How To Get Motivated In The Morning (Even When You’re Not Leaving Home)

How To Get Motivated In The Morning (Even When You’re Not Leaving Home)

Sometimes it’s easier to get motivated when you have somewhere to be. You wake up, shut off the alarm and immediately dive into your leaving-the-house-to-get-somewhere routine. But if you’re working from home, or even just looking at a weekend day with nothing planned, it’s easy to find yourself unshowered and still in your pajamas at 5pm. No judgment, that’s fine. 

But if you get into the habit of rolling out of bed and into your day without any sort of transition you may also start to feel a bit like a zombie running in a hamster wheel.
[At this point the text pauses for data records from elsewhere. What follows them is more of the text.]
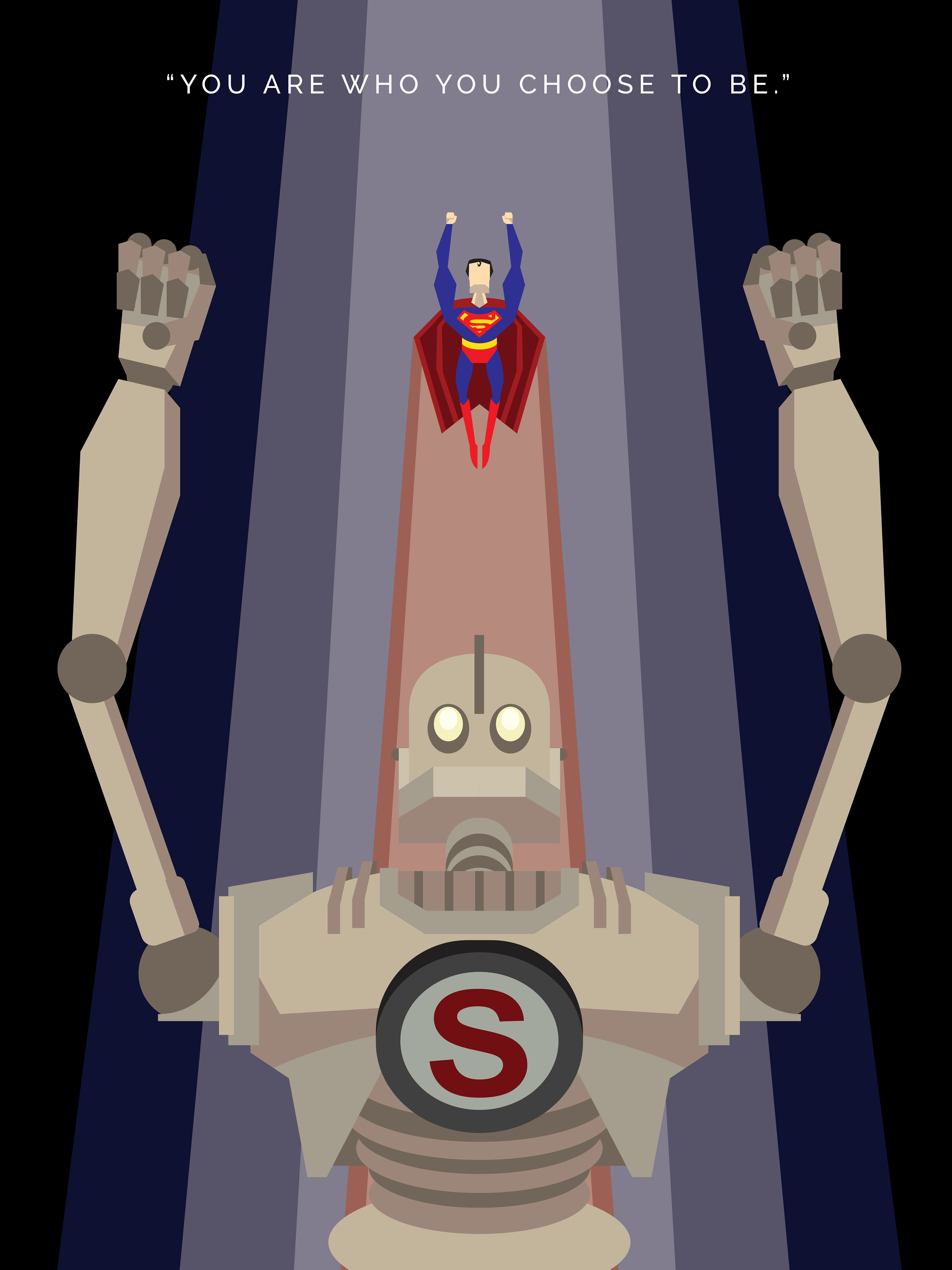 This was a personal project I did in 2024 to refine my skills in digital illustration. The 2 illustrations are fan art consisting of both Superman and the Iron Giant from the 1999 animated film of the same name (both owned by Warner Bros.). On the top side of both posters are quotes directly referenced toward both characters.
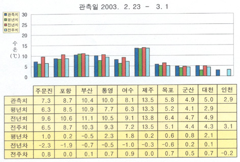 o 최근(2003. 2.23 ∼ 3.1)의 한반도 연안 표면수온은 동해 연안역에서 섭씨
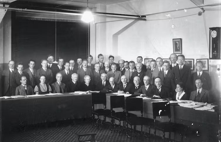 Lise Meitner, in the front row, sits alongside many male colleagues at the Seventh Solvay Physics Conference in 1933. Corbin Historical via Getty Images
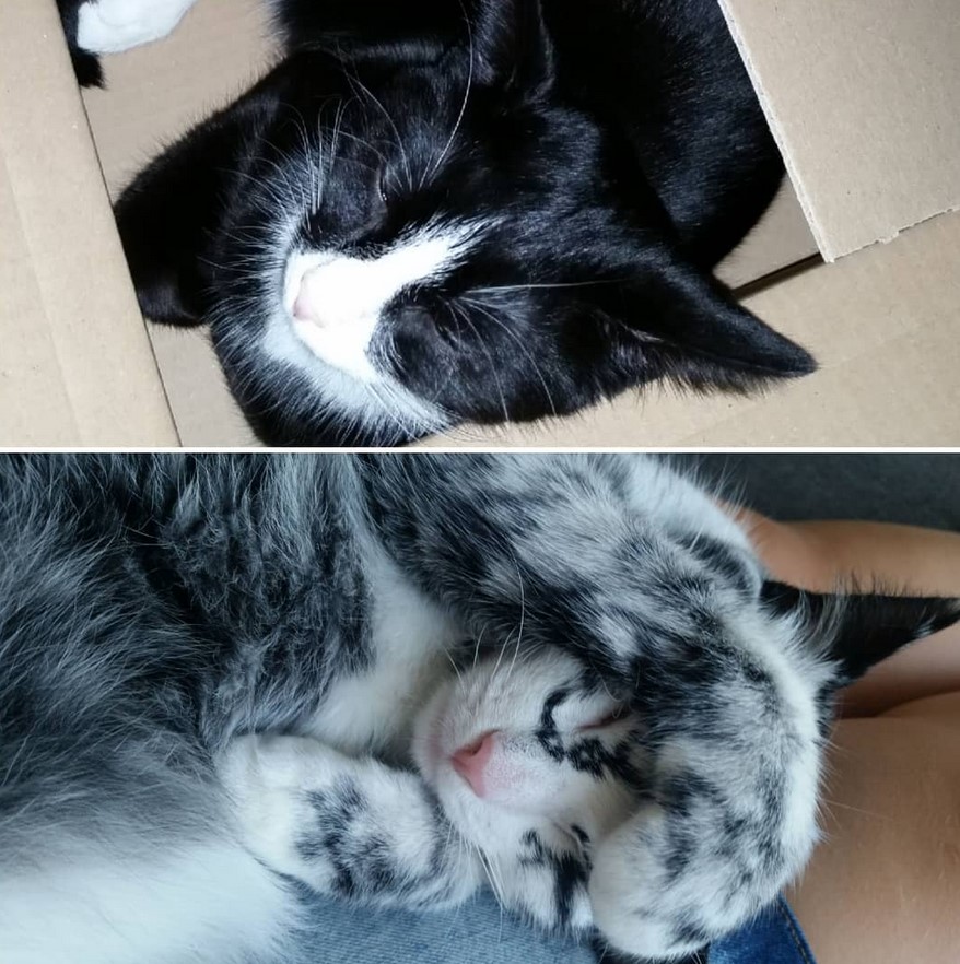 Der Unterschied ist hier klar. Die Katze, als fünf Monate alterer und weniger weiß war, aber jetzt hatte sie sich vollständig verändert. Obwohl sie jetzt anders war, war sie noch schöner geworden.
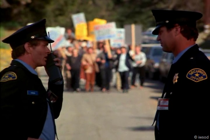 The security guards see the group approaching and call to their boss, Crawford, for instructions..
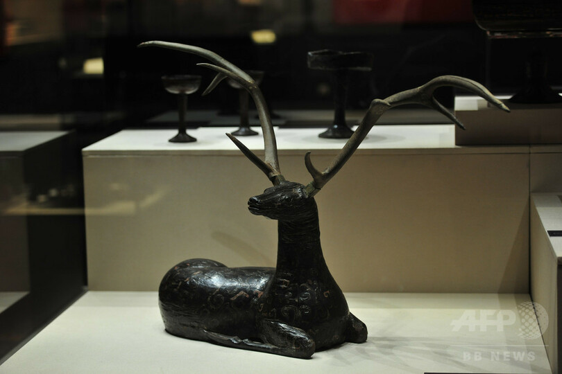 共同開催する湖北省博物館(Hubei Provincial Museum)収蔵の九連墩墓から出土した漆器や兵器、祭祀などの正式な場で使用されていたとみられる「青銅礼器」など115点を厳選して展示。楚国高官の優雅な暮らしや芸術を、当時のまま伝えている。3月11日まで。(c)CNS/JCM/AFPBB News
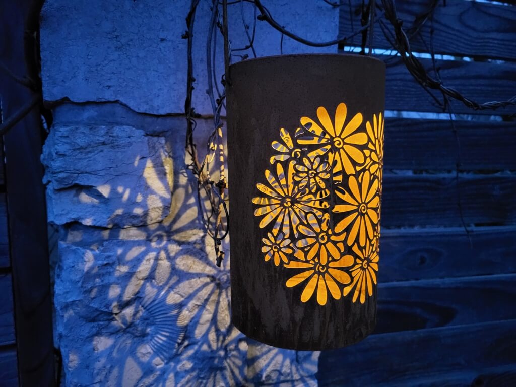 Die Laterne kann direkt an der Kette aufgehängt werden und ist mit einer warmweißen LED Lampe versehen.
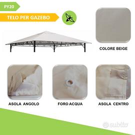 ✅CARATTERISTICHE: Materiale in tessuto poliestere 100% - 180 Gr/Mq di colore BEIGE – predisposto di ASOLE nei 4 angoli e nella parte centrale per il fissaggio alla struttura metallica del gazebo compatibile con le misure indicate nelle foto - IL TELO E' INTERO E NON DISPONE DEL CUPOLINO SUPERIORE SEPARATO (vedi foto)
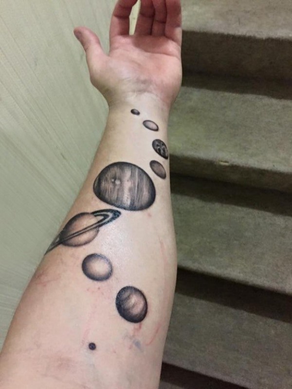 纹身黑色 男生手臂上黑色的星球纹身图片
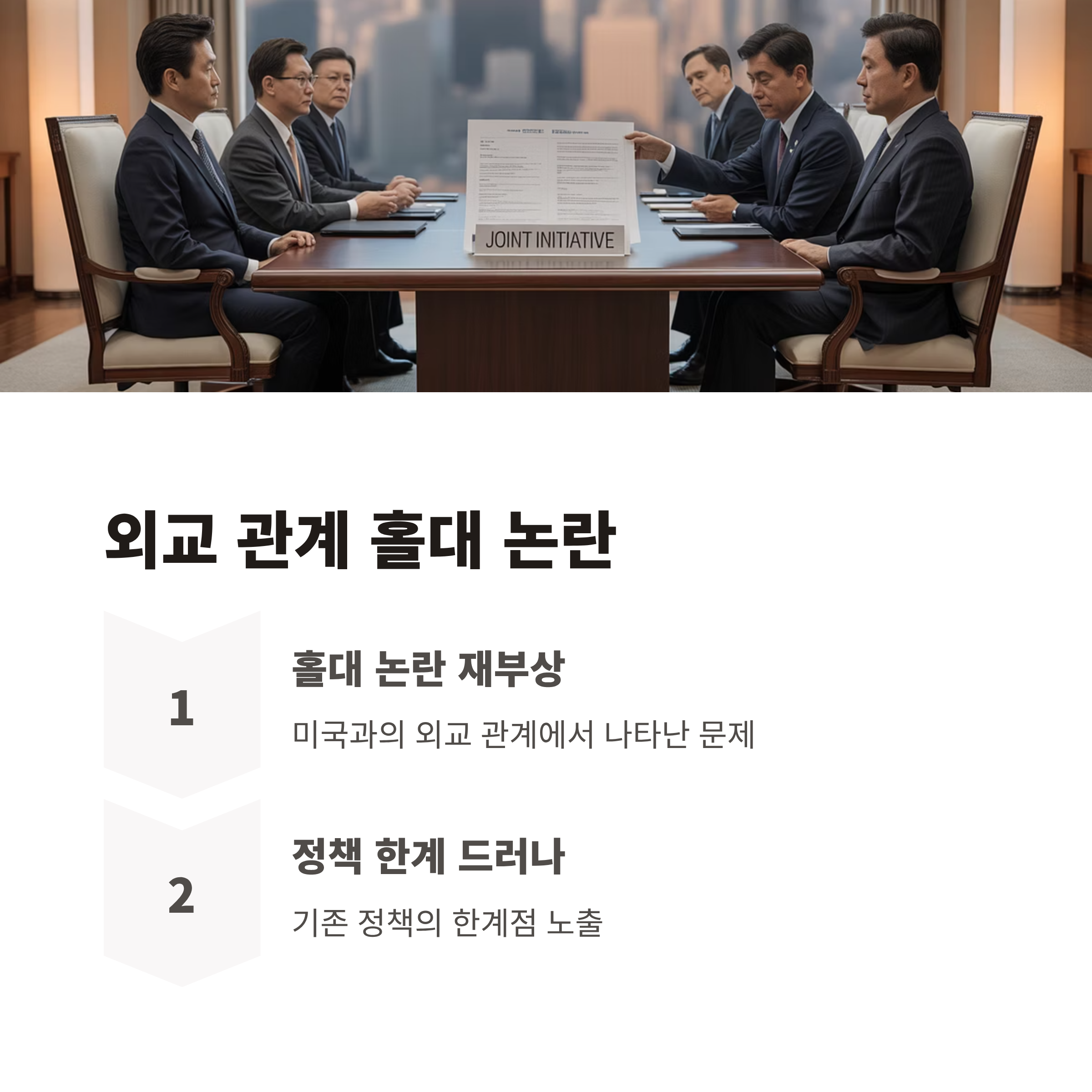 3. 미국과의 외교 관계에서 나왔던 홀대 논란이 다시 부상하며 기존 정책의 한계를 드러내게 되었습니다.
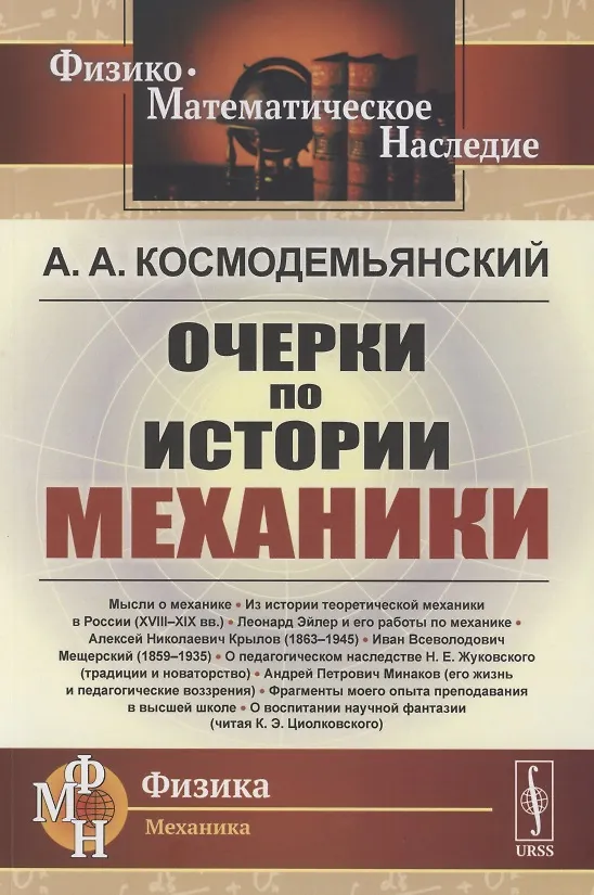 Вниманию читателей предлагается книга известного отечественного ученого А.А. Космодемьянского (1909-1988), посвященная истории механики. Работа включает два основных смысловых раздела: историю развития классической механики в России и мысли автора о преподавании механики в высшей школе. Исследованы малоизвестные материалы по механике XVIII века; детально охарактеризована прогрессивная система преподавания курса теоретической механики в вузах, созданная учителем автора А.П. Минаковым. Рассматривается научное наследие и вклад в развитие механики таких ученых, как Л. Эйлер, А.Н. Крылов, И.В. Мещерский, К.Э. Циолковский и др. Для физиков, историков науки, преподавателей и студентов физико-матема
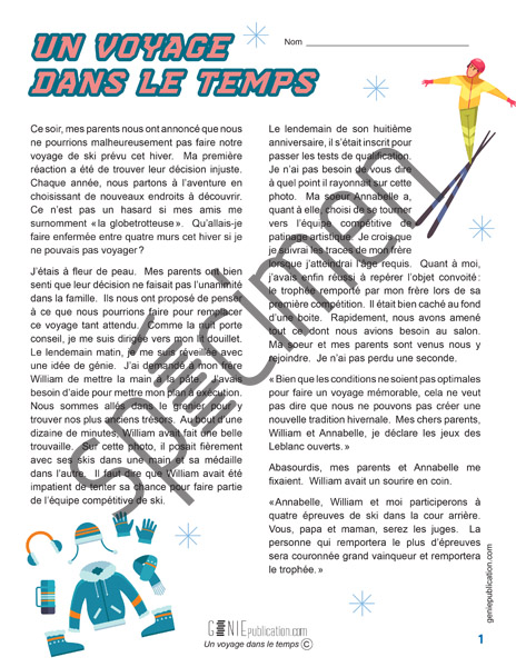 Les parents de Nadia doivent annuler leur voyage de ski annuel et Nadia décide de prendre les choses en main pour créer une nouvelle tradition familiale. Le texte est suivi de questions.
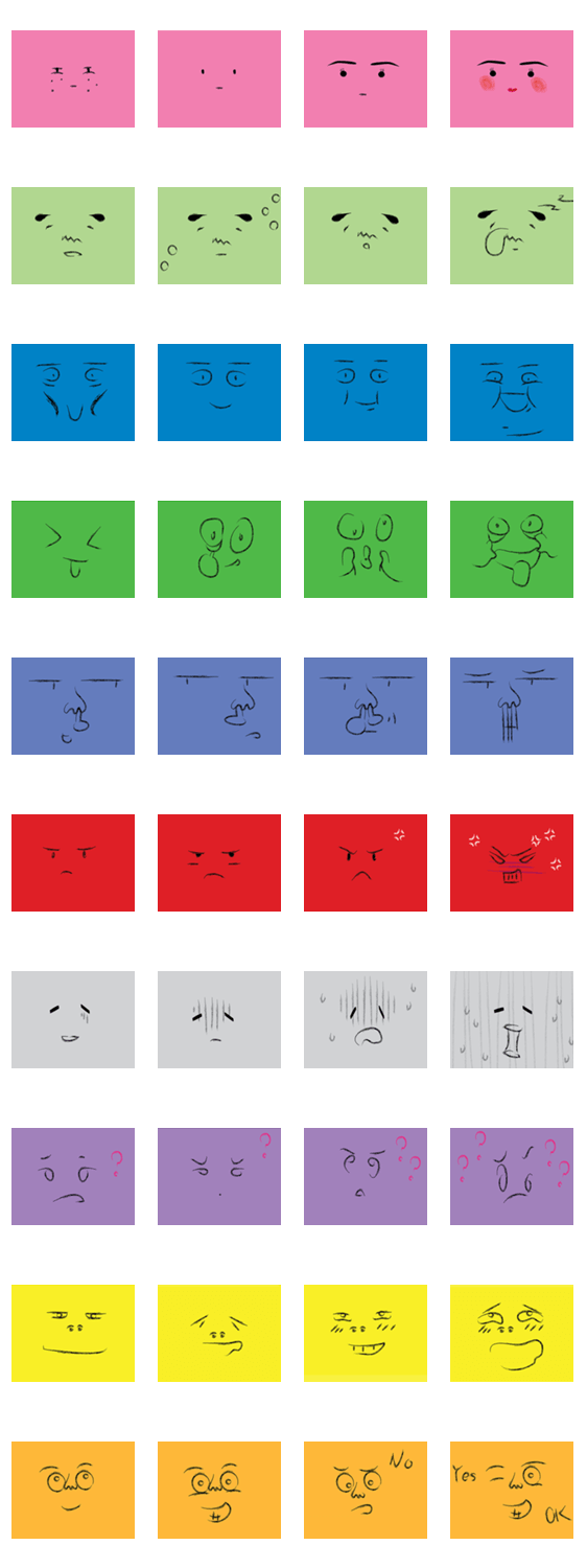 | スタンプ説明 | Different face sticker, Each character have four state. Enjoy! =] |
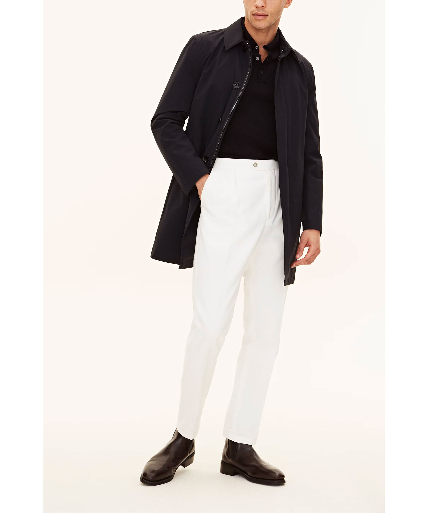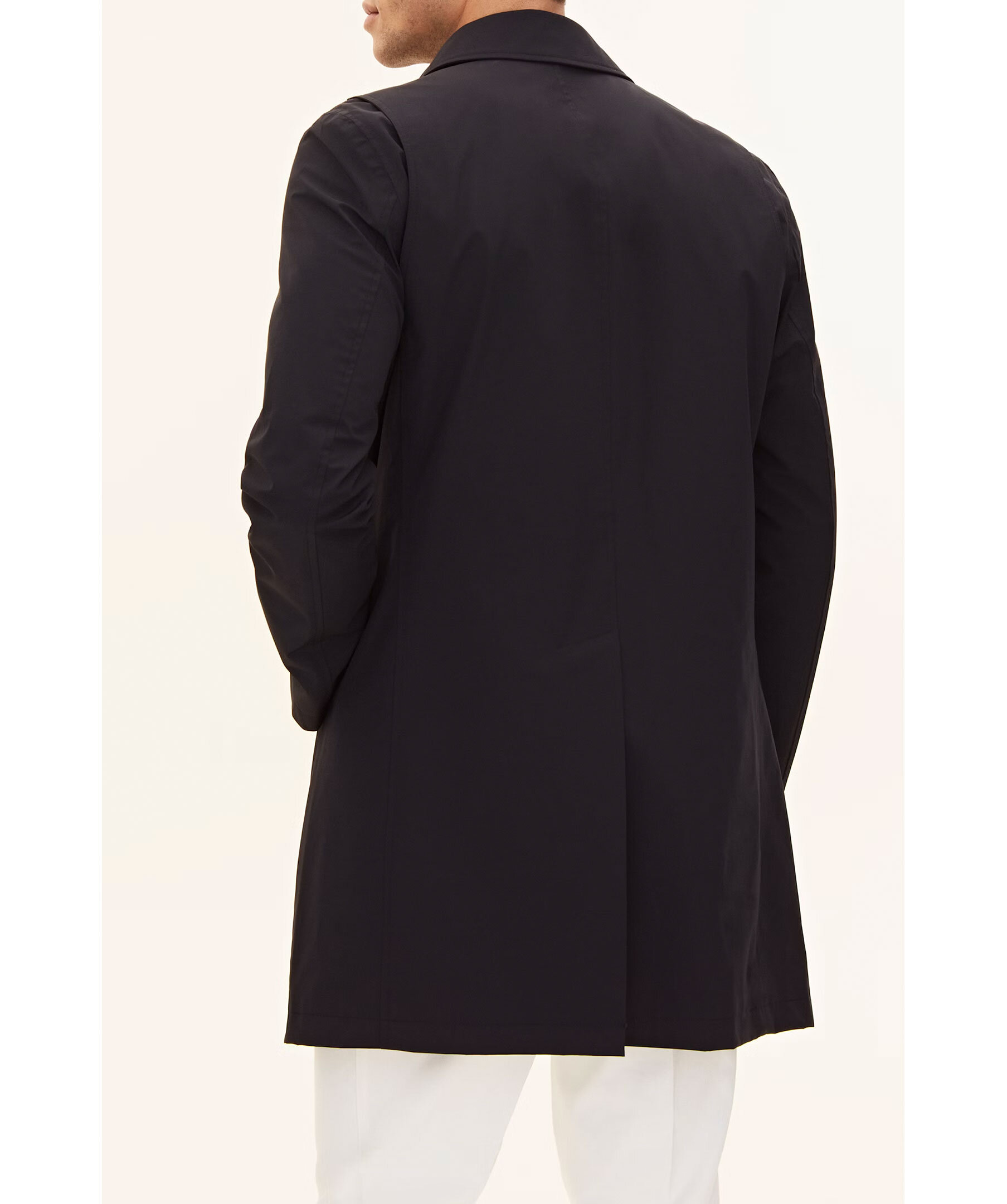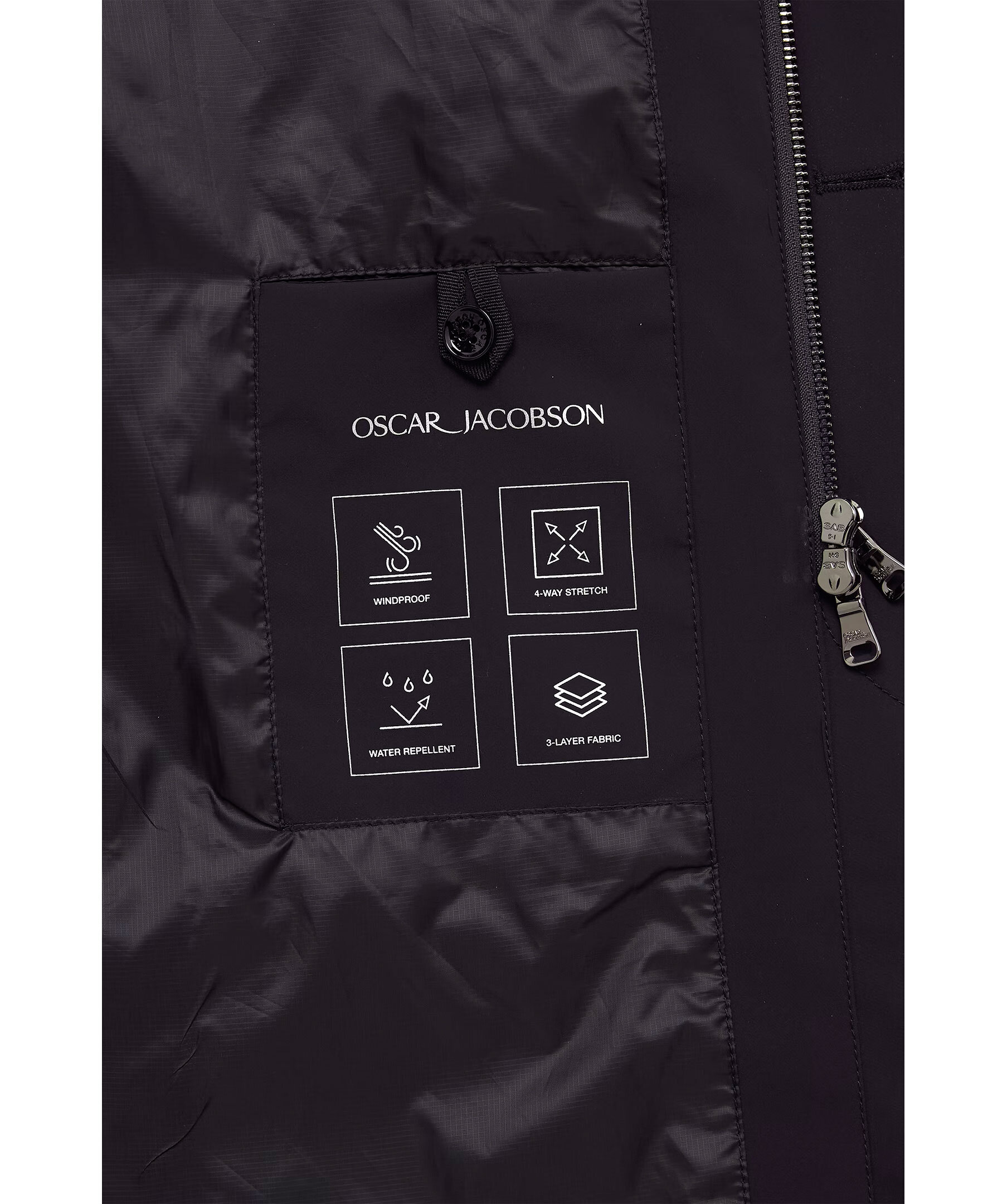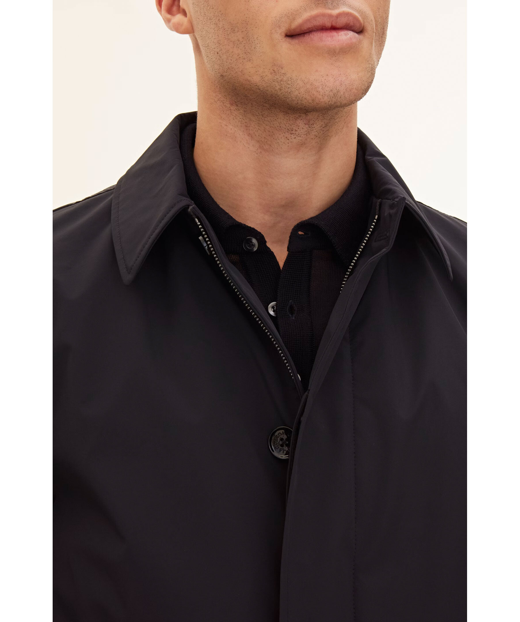 Mörkblå Car Coat från Oscar Jacobson. Gjord i Nylon Shell och är designad för att vara ett heltäckande skalplagg till din vardag och fungera till både formell kostym och lediga jeans. Utöver det vattenavvisande och vattentäta yttertyget så har rocken tejpade sömmar i axel och rygg för att hålla dig torr i tuffare väderförhållanden. Insidan av rocken är täckt i ett slitstarkt ripstop-foder och innehåller tre innerfickor samt knappar till infästning av våra liner-västar. Nylon Shell är vårt tre-lagers skalmaterial, framtaget för att skydda mot väder och vind helt utan att kompromissa på rörlighet, andningsförmåga eller stil.

A zombie hamster? 

So here are a few ideas to help break the cycle and get your day off to a productive start. 

Have Your Morning Coffee- But Try Something New

Have Your Morning Coffee- But Try Something New

You’ve gotta have your coffee right? Of course, you do! So do we. And so do about 200 million other adults in the US. But if you’re drinking it with cream and sugar, maybe it’s time to make the switch. There are some health benefits to drinking your coffee black. It’s also the best way to become a true connoisseur of quality coffee beans. Condiments will cloud the nuanced flavors of coffee while drinking it black will help you become more acquainted with the subtle flavor differences between varieties. It will also help you cut down on calories and help you build a tortured artist image.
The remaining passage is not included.